4. A Cinderela gosta de pudim

Faltavam duas horas para as seis e trinta. Faziam já vinte e duas horas que tudo havia acontecido. Hermione prometera que em seu tempo livre o ajudaria a buscar algum feitiço que lhe fosse de utilidade. Como não tinha tempo para esperar que isto ocorresse, planejou cuidadosamente cada passo a seguir para esse dia.
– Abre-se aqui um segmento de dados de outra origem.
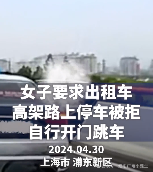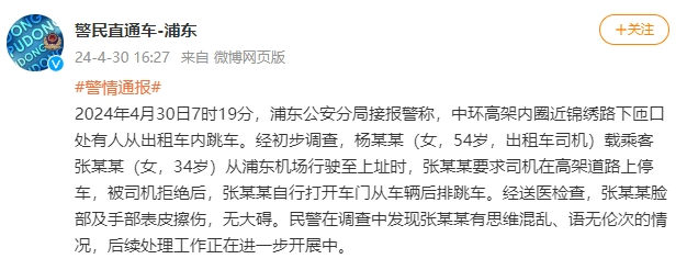 2024年4月30日,一个令人震惊的事件发生在上海的浦东新区。据@警民直通车-浦东的通报,当天早晨7时19分,浦东公安分局接到报警,称在中环高架内圈近锦绣路下匝口处,有人从出租车内跳车。

A primeira parte de seu plano não pode ser levada a cabo. Ainda que já tivesse podido percorrer o quarto com luz, e o recordasse quase à perfeição, tinha pensado em dar uma ajuda adicional à sua memória e ir um pouco antes para fazer uma última inspeção. Quando chegou, encontrou a porta fechada e, por mais tentativas que fizesse, foi impossível abri-la. Consolou-se, pensando que se lembrava do quarto o suficiente para não ter problemas ao movimentar-se mesmo sem luz.

Às seis em ponto regressou, disposto a não deixá-la ir tão fácil desta vez. Abriu a porta com apenas um girar do trinco. A escuridão era total, como no dia anterior. Entrou e tentou posicionar-se no mesmo lugar que da primeira vez. No entanto, nessa ocasião era diferente. Não era o impulso estranho que movia seus pés, quase contra a sua vontade, ele estava onde queria estar. Esperou por vários minutos. Sua paciência começava a se esgotar. E se ela não aparecia? E se a tinha decepcionado? E se...?

Antes que pudesse terminar de formular a pergunta voltou a ouvir o mesmo ranger de madeira. Ficou parado esperando que ela se aproximasse. Em questão de segundos sentiu sua respiração perto de seu rosto... Porém, desta vez, suas mãos não se pousaram suavemente em suas bochechas. Elas agarraram seus pulsos, imobilizando-os e impedindo-lhe de segurá-la como planejara.

Sua mente deixou de funcionar quando seus lábios fizeram contato novamente com aquele embriagante sabor de baunilha. Durou muito menos do que ele houvera desejado. Quando sentiu-a afastar-se, tentou soltar suas mãos para detê-la e impedir que escapasse, mas ela não cedeu; de um forte empurrão o fez retroceder três passos enquanto saía correndo. Harry tentou segui-la mas topou com uma cadeira que havia mudado de lugar desde a última vez que a vira. Tropeçou nela e caiu no chão, conseguindo, tão somente, segurar um pedaço de sua túnica por um breve momento, antes que também deslizasse de sua mão.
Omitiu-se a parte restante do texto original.